→ **DATA SEGMENT**
⁂

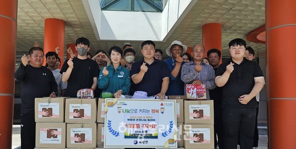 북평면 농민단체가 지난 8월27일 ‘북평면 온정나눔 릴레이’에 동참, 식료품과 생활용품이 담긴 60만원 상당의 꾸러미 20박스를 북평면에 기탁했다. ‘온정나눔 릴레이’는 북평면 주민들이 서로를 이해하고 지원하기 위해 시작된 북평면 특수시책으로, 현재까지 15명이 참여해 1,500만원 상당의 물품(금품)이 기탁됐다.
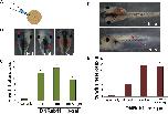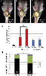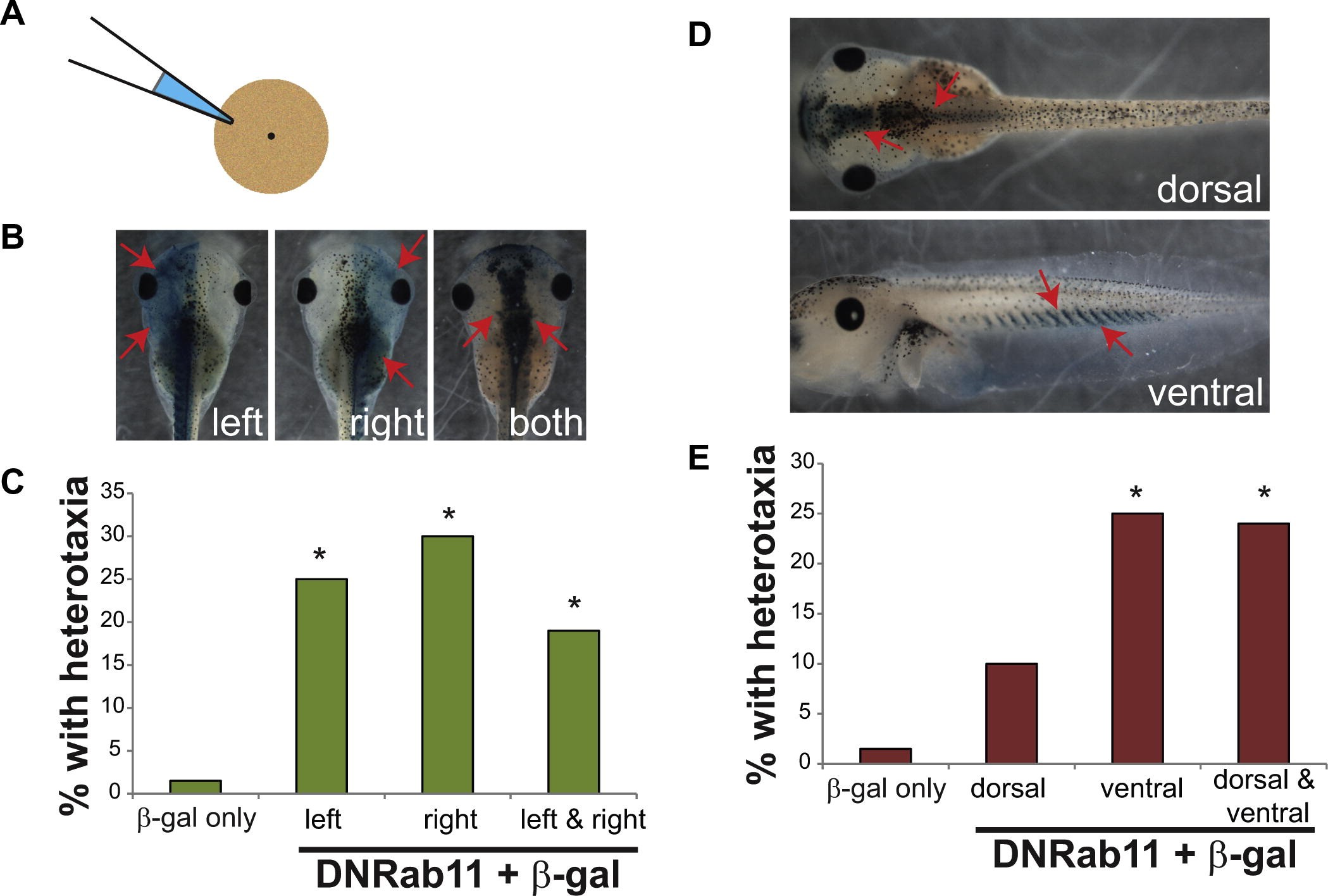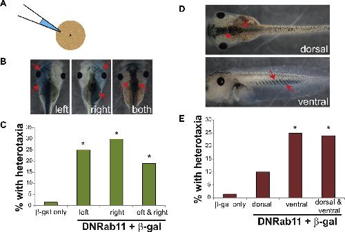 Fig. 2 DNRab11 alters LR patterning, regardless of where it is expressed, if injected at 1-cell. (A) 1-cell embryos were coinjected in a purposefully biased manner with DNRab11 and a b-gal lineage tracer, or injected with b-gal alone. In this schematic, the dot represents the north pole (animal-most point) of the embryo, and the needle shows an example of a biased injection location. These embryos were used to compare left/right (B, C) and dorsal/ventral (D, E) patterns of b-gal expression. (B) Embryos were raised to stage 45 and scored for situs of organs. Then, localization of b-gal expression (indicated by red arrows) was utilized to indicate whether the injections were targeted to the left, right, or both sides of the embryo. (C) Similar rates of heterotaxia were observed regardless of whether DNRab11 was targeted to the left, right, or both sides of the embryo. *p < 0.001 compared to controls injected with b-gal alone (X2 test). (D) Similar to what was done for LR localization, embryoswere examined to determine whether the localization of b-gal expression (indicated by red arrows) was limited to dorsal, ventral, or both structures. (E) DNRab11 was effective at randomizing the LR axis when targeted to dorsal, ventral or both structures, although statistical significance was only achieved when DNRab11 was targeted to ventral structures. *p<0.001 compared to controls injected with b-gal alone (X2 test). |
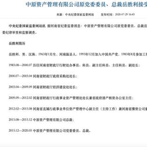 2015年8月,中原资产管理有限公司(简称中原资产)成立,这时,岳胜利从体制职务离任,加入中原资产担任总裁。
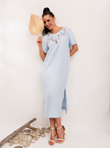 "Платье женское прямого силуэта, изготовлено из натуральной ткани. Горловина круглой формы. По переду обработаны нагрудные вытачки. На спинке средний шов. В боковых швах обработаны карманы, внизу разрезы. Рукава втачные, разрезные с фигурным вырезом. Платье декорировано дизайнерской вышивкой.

⁂

Give the data above again, exactly, with every picture removed.

 북평면 농민단체가 지난 8월27일 ‘북평면 온정나눔 릴레이’에 동참, 식료품과 생활용품이 담긴 60만원 상당의 꾸러미 20박스를 북평면에 기탁했다. ‘온정나눔 릴레이’는 북평면 주민들이 서로를 이해하고 지원하기 위해 시작된 북평면 특수시책으로, 현재까지 15명이 참여해 1,500만원 상당의 물품(금품)이 기탁됐다.
 Fig. 2 DNRab11 alters LR patterning, regardless of where it is expressed, if injected at 1-cell. (A) 1-cell embryos were coinjected in a purposefully biased manner with DNRab11 and a b-gal lineage tracer, or injected with b-gal alone. In this schematic, the dot represents the north pole (animal-most point) of the embryo, and the needle shows an example of a biased injection location. These embryos were used to compare left/right (B, C) and dorsal/ventral (D, E) patterns of b-gal expression. (B) Embryos were raised to stage 45 and scored for situs of organs. Then, localization of b-gal expression (indicated by red arrows) was utilized to indicate whether the injections were targeted to the left, right, or both sides of the embryo. (C) Similar rates of heterotaxia were observed regardless of whether DNRab11 was targeted to the left, right, or both sides of the embryo. *p < 0.001 compared to controls injected with b-gal alone (X2 test). (D) Similar to what was done for LR localization, embryoswere examined to determine whether the localization of b-gal expression (indicated by red arrows) was limited to dorsal, ventral, or both structures. (E) DNRab11 was effective at randomizing the LR axis when targeted to dorsal, ventral or both structures, although statistical significance was only achieved when DNRab11 was targeted to ventral structures. *p<0.001 compared to controls injected with b-gal alone (X2 test). |
 2015年8月,中原资产管理有限公司(简称中原资产)成立,这时,岳胜利从体制职务离任,加入中原资产担任总裁。
 "Платье женское прямого силуэта, изготовлено из натуральной ткани. Горловина круглой формы. По переду обработаны нагрудные вытачки. На спинке средний шов. В боковых швах обработаны карманы, внизу разрезы. Рукава втачные, разрезные с фигурным вырезом. Платье декорировано дизайнерской вышивкой.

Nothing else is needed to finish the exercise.